* **Your task**
The lines below, from the one holding "Radiator in carbon" through the one holding "Introducing the Dazy", are to be restated word for word, with all images left out.

* **Data shown**
━━━━━━
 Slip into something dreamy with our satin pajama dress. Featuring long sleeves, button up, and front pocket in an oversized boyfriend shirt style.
━━━━━━
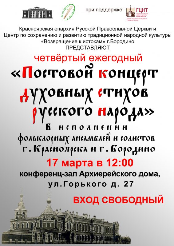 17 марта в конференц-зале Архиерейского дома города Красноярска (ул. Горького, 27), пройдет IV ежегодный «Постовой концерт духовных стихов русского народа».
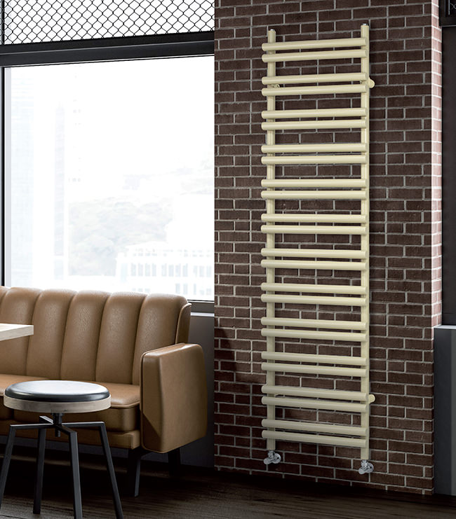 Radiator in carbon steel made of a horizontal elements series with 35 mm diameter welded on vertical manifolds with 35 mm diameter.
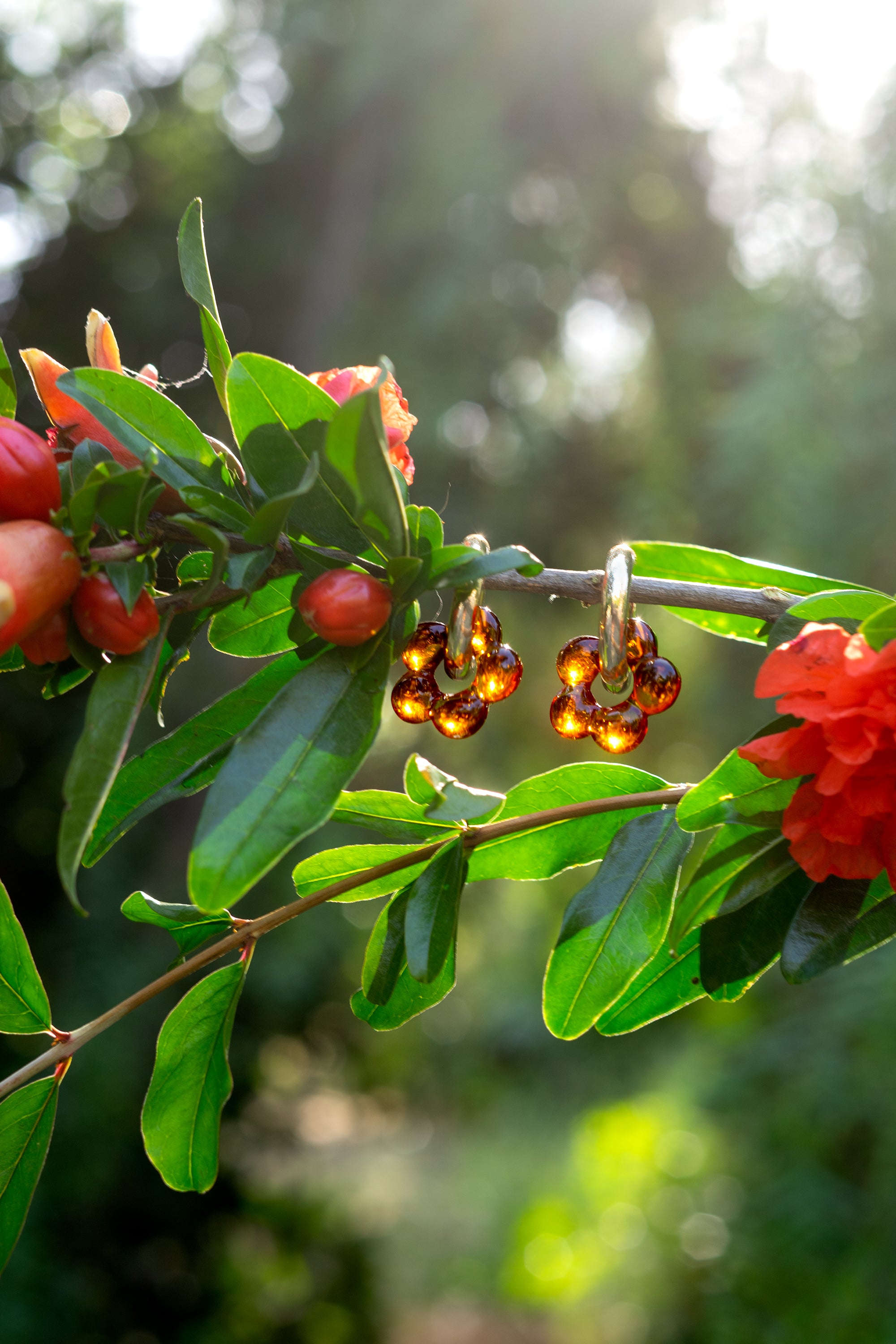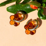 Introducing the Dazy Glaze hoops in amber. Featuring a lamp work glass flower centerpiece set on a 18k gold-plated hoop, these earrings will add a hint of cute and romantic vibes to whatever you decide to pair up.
━━━━━━
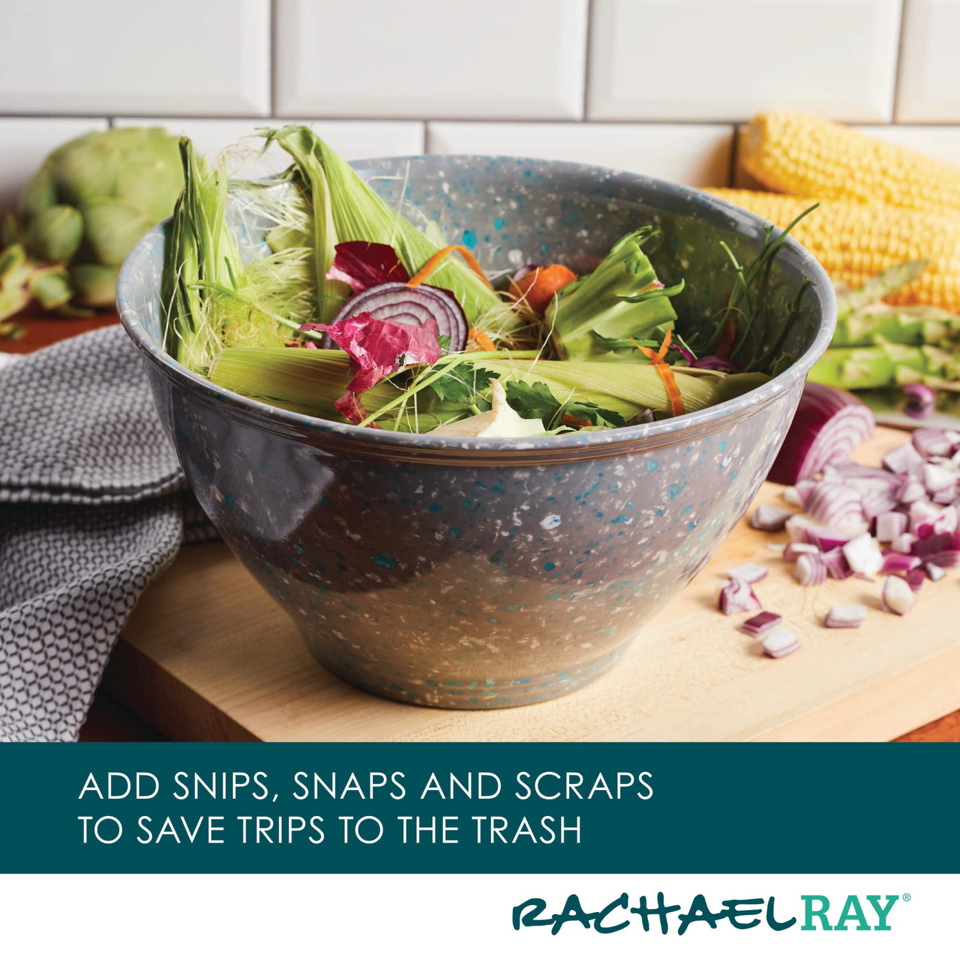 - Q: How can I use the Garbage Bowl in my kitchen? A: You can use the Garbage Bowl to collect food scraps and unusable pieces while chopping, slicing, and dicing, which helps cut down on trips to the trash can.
━━━━━━
* **Result**
 Radiator in carbon steel made of a horizontal elements series with 35 mm diameter welded on vertical manifolds with 35 mm diameter.
 Introducing the Dazy Glaze hoops in amber. Featuring a lamp work glass flower centerpiece set on a 18k gold-plated hoop, these earrings will add a hint of cute and romantic vibes to whatever you decide to pair up.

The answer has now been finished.